▸ PROBLEM
Reproduce from the records below, with no pictures, exactly the lines between the one containing "This reminds me" and the one containing "Figure 5. Unregistered", inclusive.

START DATASET RECORDS

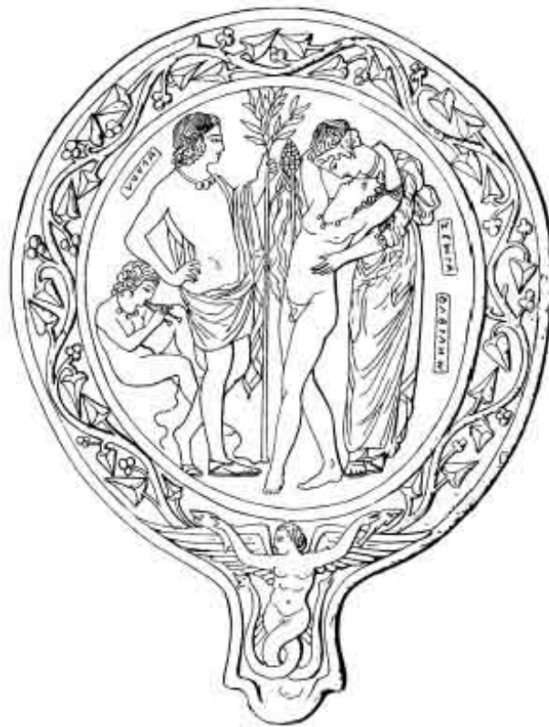
APLU, FUFLUNS, AND SEMELE

This reminds me of the task on which I am engaged. If it were only to gather, collate, and correct a collection of fairy tales, or proverbs, or parables,
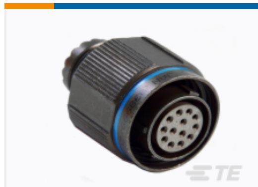
TE Part #YDTS26Z25-24PNV001 PLUG ASSY
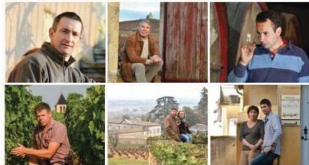
FAMILY OF WINEMAKERS

Each wine is the ultimate expression of the unique terroir and character of each estate and its vineyards.
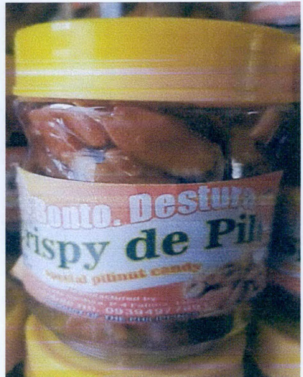
Figure 5. Unregistered S.BONTO.DESTURA Crispy de Pili, Special Pili nut Candy
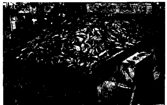
Fig. 2. Nemipterus sp. being transported through auto carriers in bulk quantities at Veraval.

Size range of N. mesoprion was 90 to 200 mm (TL) with modal size of 130 mm. In N. japonicus the size ranged between 140 and 200 mm with modal size of 160 mm. It is presumed that the shoal belong to the first year group.
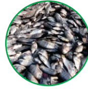
MARINE/AQUA CULTURE FOOD PRODUCTS

END DATASET RECORDS

▸ REPLY
This reminds me of the task on which I am engaged. If it were only to gather, collate, and correct a collection of fairy tales, or proverbs, or parables,
TE Part #YDTS26Z25-24PNV001 PLUG ASSY
FAMILY OF WINEMAKERS

Each wine is the ultimate expression of the unique terroir and character of each estate and its vineyards.
Figure 5. Unregistered S.BONTO.DESTURA Crispy de Pili, Special Pili nut Candy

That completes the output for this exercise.